Some places in the code didn't have quotes, but they are strings.
Warnings:
I would use cookies instead of sessions (Fixed)
Please style your code. (Fixed)
Please make sure that you md5 the password of every user so that it's not in a readable format. (ex. md5($password))

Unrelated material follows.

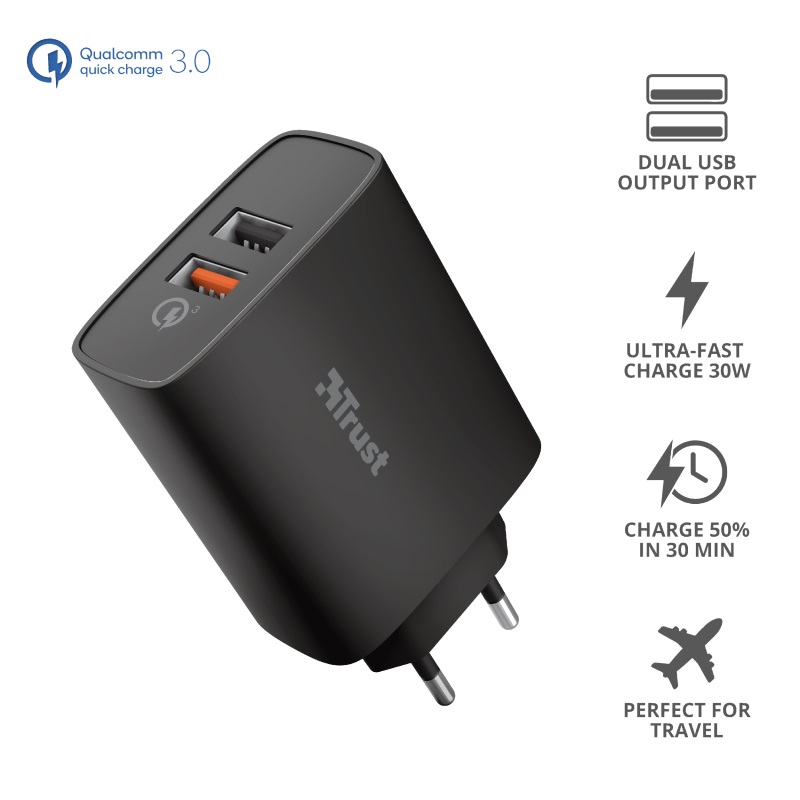 Trust QMAX USB A+A WALL CHARGER QC3 30W

Make sure your HTML syntax is correct (Fixed by adding </body> and </html>)
PHP Code:
<html>
<head>
<title>Login Page</title>
</head>
<body bgcolor="black" style="color:gray">
<form action="#" method="post">
<h1 align="center" style="color:gray" >Welcome to the Login page</h1>
<?php
error_reporting(0);
$servername = "localhost"; //MySQL server
$username = "root"; //MySQL username
$password = ""; //MySQL password (Leave blank if no password)
$conn = mysql_connect($servername,$username,$password)or die(mysql_error());
if($_POST["userlogin"] && $_POST["password"]) { //If the user has submitted the user login form
mysql_select_db("dbUsers",$conn);
$sql = "SELECT * FROM users WHERE name = '" . $_POST["userlogin"] . "' AND password = '" . $_POST["password"] . "'";
$result = mysql_query($sql,$conn) or die(mysql_error());
$number_of_rows = mysql_num_rows($result);
if($number_of_rows == 1) {
setcookie("username", $_POST["userlogin"], time()+ 3600); //Automatically expires cookie in one hour, 3600 seconds
setcookie("password", $_POST["password"], time()+ 3600);
print"<h1>You have logged in.</h1>";
//print_secure_content();
}
else {
print "Wrong username or password.";
loginform();
}
}
else if($_COOKIE["username"] && $_COOKIE["password"]) {
//User is logged in, but he's on the login page. Print the secure content after verifying the login again!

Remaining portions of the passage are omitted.